I don't know how to access these things. A friend from my recovery group is going to a funeral and I said to her that she should really take the opportunity to grieve, not just the loss of the one who passed, but other losses as well, because we get so few opportunities to do that. I think I was speaking in part to myself. I have this image of scraping out from inside me the things I've been unable to express, like scraping out the inside of a pumpkin, so I don't get snagged by the past over and over again, so I can authentically both acknowledge what has happened and internalize that this is a new and different moment. So I can feel peace, instead of fear and anxiety.

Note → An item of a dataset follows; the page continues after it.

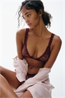 Мягкий бюстгальтер без проводов из кружева с регулируемыми бретелями и чашечками без подкладки, которые придают бюсту естественную форму и обеспечивают легкую поддержку. Застежка на крючки и глазки сзади.

I don't feel that peace now. Just queasy, anxious and closed off. I can intellectualize myself back to peace using the tools I have, but I want to use my tools to work through this, not to fly above it. I want to stay with these feelings instead of going to my "enlightened" place about why I don't have to have them. Maybe these feelings and the resulting conversations will drag me through what is here for me to learn so that I can get closer to free.

Friday, June 4, 2010

My year of trusting God

Well, it's 3 days past the 3rd anniversary of my discovery, and I'm starting in on Step 3.

Turn my life and my will over go God.

Wow. Not something I ever imagined I'd consider. Ever.

I'm afraid that means giving up, giving in, being helpless. I know I've endorsed surrender many times, but to surrender my whole self? That just feels wrong.

"It's God's will that I have this job when I really want another job." I don't understand how that sits side by side with creating / causing a job I really want. How do you turn your will over, and still have power in your own life? I don't want to just float along saying, "It must be God's will" as I'm going nowhere fast like a ship without a rudder, a piece of bark spinning helplessly along with the current.

I can't control others and I'm fine with that. But I want to control me! I want to have some kind of say here!

The thought that just flashed across my mind: Maybe it's about taking action and then turning the result over to God. So maybe that's how those things sit side by side. Take action and let the result be what my higher power sets before me as my next catalyst.

I'm thinking maybe I'll make this my Year of Trusting God, kind of like an experiment, and see how it goes.

Frankly, I'm skeptical. I don't know if I can really do this. Ugh! I don't want to turn my will over to anything!

I can tell this is going to require a lot of deep breathing.